SOLVED.
I found the culprit: it was “Threaded optimization” in the NVidia control panel settings. Setting this to either ON or AUTO resulted in horribly high cpu usage in Retroarch. I created a custom setting for RA and set “Threaded optimization” to OFF and now my cpu usage is much lower and RA is showing similar cpu usage as Nestopia standalone (if not better, I haven’t looked at it closely enough yet to tell).
The question remains: why did Nestopia standalone not suffer this problem?
Is threaded optimization a setting that is enabled in Retroarch by default, but not in Nestopia SA?
I’m thinking that my driver might not be playing nice with something, either my OS or my hardware or something. If I was having basic problems with threaded optimization, then it would make sense that I was having problems with high cpu usage in Retroarch if Retroarch is designed to use threaded optimization by default.
Or it could be that RA is not designed to play nice with threaded optimization, or there is a conflict there somewhere.
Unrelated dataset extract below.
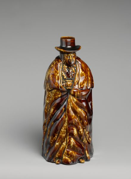 This paperweight was made by Lyman, Fenton & Co. in the late 19th century, crafted from glazed earthenware. This wasn't high art, but rather a product of the booming ceramics industry, designed for everyday use. The glaze is key here. It's a classic example of "Rockingham" or "Bennington" glaze, known for its mottled brown effect. This was achieved by combining different metallic oxides in the glaze mixture, which then separated during firing, creating a unique, almost marbled appearance. The form, a reclining dog on a cushion, was likely slip-cast in a mold, demonstrating the industrialized processes of the time. It reflects how manufacturers sought to add decorative appeal to functional items, capitalizing on the Victorian era's love of ornamentation and novelty. This paperweight speaks to the democratizing influence of industrial production, bringing artful design into the homes and lives of ordinary people, while also illustrating the skilled labor and ceramic techniques involved in its creation.
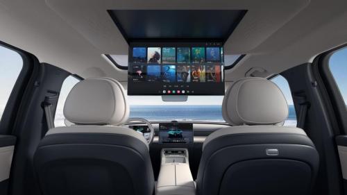座舱娱乐层面,车辆前排配备15.6英寸2.5K大屏,支持云端电竞功能;部分版本配备17.3英寸3K后舱吸顶影音屏,搭配23扬声器伯牙之音音响系统,最大功率1080W,可实现7.1.4.2全景声场效果。

What I need to do is find a program that I know uses threaded optimization and see if I get similar performance problems - high cpu usage and cpu spikes.
Anyway it’s still a mystery to me, but by creating a custom setting and forcing threaded optimization OFF for Retroarch, my cpu performance using Nestopia now seems on par with Nestopia SA.
I will need to play test this for a while in order to see if the A/V hiccup problem will also be solved by this, as I think it is a related problem to the high cpu usage.